MK: Turn of Mind is told from the point of view of its central character, a woman whose memory is deteriorating and whose experience of reality is both confusing and unreliable. What was it like to write in her voice? Was it challenging to structure a narrative in which so much information and "truth" is obscured by the person who is experiencing it?

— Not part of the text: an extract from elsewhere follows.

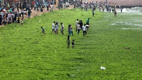 青岛沿海遭大规模浒苔侵袭 场面壮观

AL: I wish I had a good answer to this question, as everyone is asking it. Perhaps because I had been pondering what the experience of Alzheimer's was like for so many years, I didn't have any trouble putting myself in that space. That came very easily. It was technically very tricky to figure out how to communicate to readers what was happening in the "real" world of the story, as opposed to Jennifer's mind. I used a variety of devices to do this. For example, in the first part of the book, when Jennifer can still read and write, I had her keep a notebook where she wrote down facts from her day that she could refer back to later. That helped me slip in quite a few details to ground readers in reality. I also was very careful that the dialogue throughout was absolutely reliable. Jennifer wanders in her mind, even hallucinates visually, but when she hears someone say something, the reader can trust that it was actually said. I devoted a chapter to unreliable narrators in my creative writing textbook, The Making of a Story, published by Norton. I found myself going back to my own advice quite frequently while writing Turn of Mind.

MK: What was your most striking experience in working on this novel?

AL: I think the most striking aspect of writing Turn of Mind was, again, how easily it came. For whatever reason, I didn't have to do a lot of work at the conscious level... everything just seemed to naturally fall into place. In retrospect, this is astonishing, especially given it's a mystery, which by definition requires careful plotting. But I didn't even know myself who had done it until 50 pages from the end. Then when I went back, I saw that I had somehow prepared for the ending that now seemed inevitable.

MK: How can stories change the world?

AL:
We read fiction for many reasons. But right now, I think the most important thing that stories can do for us is give us experiences we otherwise wouldn't have. By "experiences" I mean everything from events, to thoughts, to emotions, that are outside our normal frame of reference. Experience can lead to understanding, which can lead to compassion for our fellow human beings. Not always, but often enough. And in difficult times, compassion is essential for helping as many people as possible survive until things get better all around. Not to sound too smarmy. But if people had more insight into their neighbors' hearts and minds, we could possible alleviate much unnecessary suffering. Stories have the power to do that.